=== How to complete this task ===
Transcribe all of the records word for word, but omit the pictures.

[Data extracted from a collection]
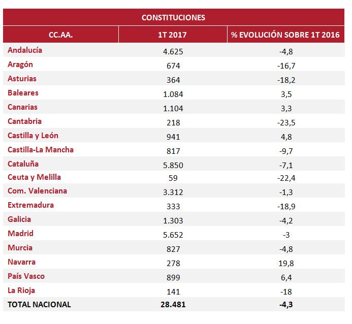17.04.’17.- En el primer trimestre se constituyeron en España 28.481 sociedades mercantiles, un 4,3% menos que en el mismo trimestre de 2016, un descenso similar al del trimestre anterior, cuando disminuyó el 4,1% sobre el mismo período del año anterior, acumulando por tanto dos trimestres consecutivos de descensos interanuales.
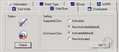 SolidBurn also works with supported media. When activated, the drive will ignore the writing strategy stored in the firmware and instead create a new one. This is very useful if you are trying to record a disc that uses another company's MID code (I.E. fake TYG02 code discs).
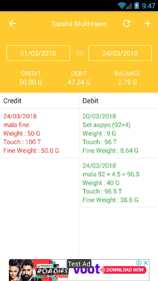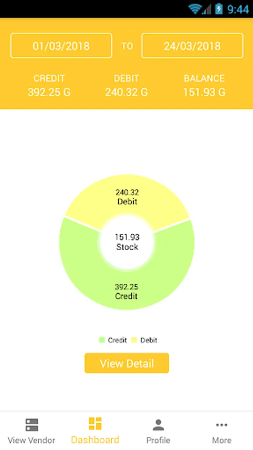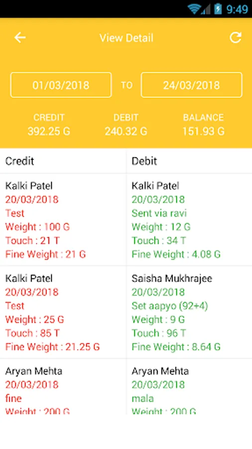 The best app for all the Gold Smiths to fulfill their daily needs like Credits and Debits of Gold or Silver. This app will work like your accounting book so you can see Total Credits and Total Debits from particular vendor as well as from all the vendors date and month wise. Generally all the Gold Smiths do accounting after some particular time like month to month or year to year etc. In this case, you don't have to keep all your papers which you received from your vendor. Just make an entry in this app and this app will remember everything for you and all the information will be accessible on your fingertips within fraction of seconds.
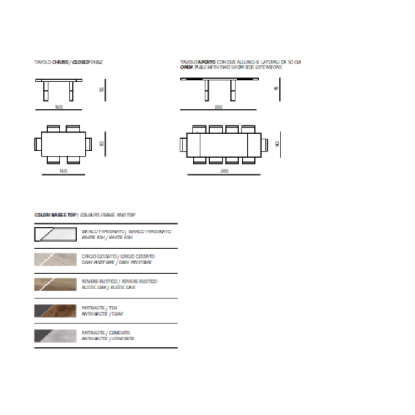 - Chiuso: Altezza: 76 cm/ Lunghezza: 160 cm/ Profondità: 90 cm
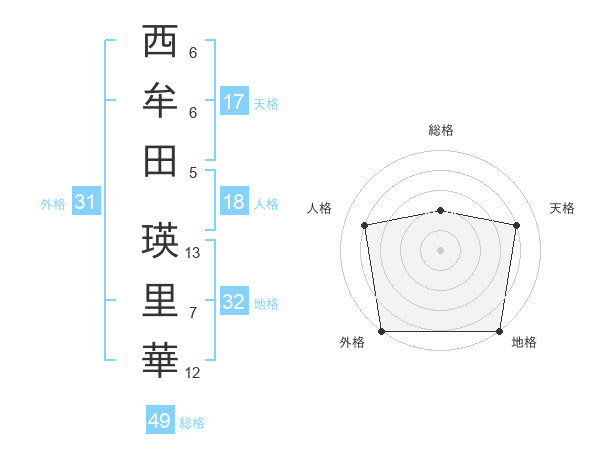 西牟田 瑛里華さんを姓名の画数から五運を鑑定
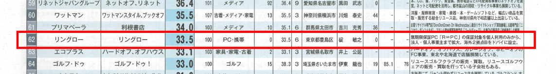 2019.01.11 Media 『リサイクル通信』2018年中古売上ランキングに掲載されました! ツイート シェア 中古売上ランキングにて62位にランクイン リングローが、2019年1月10日付のリサイクル通信の2018年中古売上ランキングに掲載されました。 ▼全体のランキングで62位にランクインしました。 http://www.recycle-tsushin.com/(リサイクル通信HP) 昨年度の結果はこちら! 一覧へ戻る
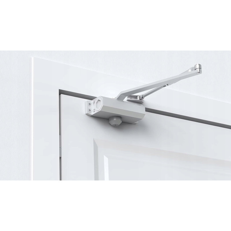 - PODWÓJNA REGULACJA – samozamykacz posiada możliwość regulacji prędkości zamykania oraz dobicia. Drzwi przy końcowej fazie mogą zwolnić lub przyspieszyć. Np. możemy ustawić, że jeśli wychodzimy drzwi przy końcowej fazie będą się domykać szybko, lub wręcz przeciwnie, wolno. Jest to szczególnie przydatne dla osób starszych, niepełnosprawnych, a także dzieci – otwieranie i zamykanie drzwi staje się łatwiejsze.
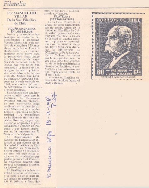 Vicuña Mackenna en los sellos [artículo] Manuel del Villar.
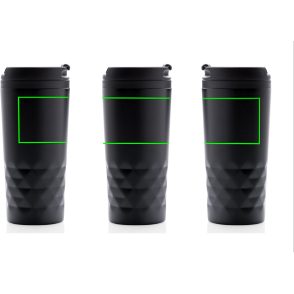 Moodne geomeetriliste detailidega roostevabast terasest termostass. Sisekorpus on valmistatud plastikust. Ainult käsipesu. Sisu 300ml.

=== Answer to the problem ===
17.04.’17.- En el primer trimestre se constituyeron en España 28.481 sociedades mercantiles, un 4,3% menos que en el mismo trimestre de 2016, un descenso similar al del trimestre anterior, cuando disminuyó el 4,1% sobre el mismo período del año anterior, acumulando por tanto dos trimestres consecutivos de descensos interanuales.
 SolidBurn also works with supported media. When activated, the drive will ignore the writing strategy stored in the firmware and instead create a new one. This is very useful if you are trying to record a disc that uses another company's MID code (I.E. fake TYG02 code discs).
 The best app for all the Gold Smiths to fulfill their daily needs like Credits and Debits of Gold or Silver. This app will work like your accounting book so you can see Total Credits and Total Debits from particular vendor as well as from all the vendors date and month wise. Generally all the Gold Smiths do accounting after some particular time like month to month or year to year etc. In this case, you don't have to keep all your papers which you received from your vendor. Just make an entry in this app and this app will remember everything for you and all the information will be accessible on your fingertips within fraction of seconds.
 - Chiuso: Altezza: 76 cm/ Lunghezza: 160 cm/ Profondità: 90 cm
 西牟田 瑛里華さんを姓名の画数から五運を鑑定
 2019.01.11 Media 『リサイクル通信』2018年中古売上ランキングに掲載されました! ツイート シェア 中古売上ランキングにて62位にランクイン リングローが、2019年1月10日付のリサイクル通信の2018年中古売上ランキングに掲載されました。 ▼全体のランキングで62位にランクインしました。 http://www.recycle-tsushin.com/(リサイクル通信HP) 昨年度の結果はこちら! 一覧へ戻る
 - PODWÓJNA REGULACJA – samozamykacz posiada możliwość regulacji prędkości zamykania oraz dobicia. Drzwi przy końcowej fazie mogą zwolnić lub przyspieszyć. Np. możemy ustawić, że jeśli wychodzimy drzwi przy końcowej fazie będą się domykać szybko, lub wręcz przeciwnie, wolno. Jest to szczególnie przydatne dla osób starszych, niepełnosprawnych, a także dzieci – otwieranie i zamykanie drzwi staje się łatwiejsze.
 Vicuña Mackenna en los sellos [artículo] Manuel del Villar.
 Moodne geomeetriliste detailidega roostevabast terasest termostass. Sisekorpus on valmistatud plastikust. Ainult käsipesu. Sisu 300ml.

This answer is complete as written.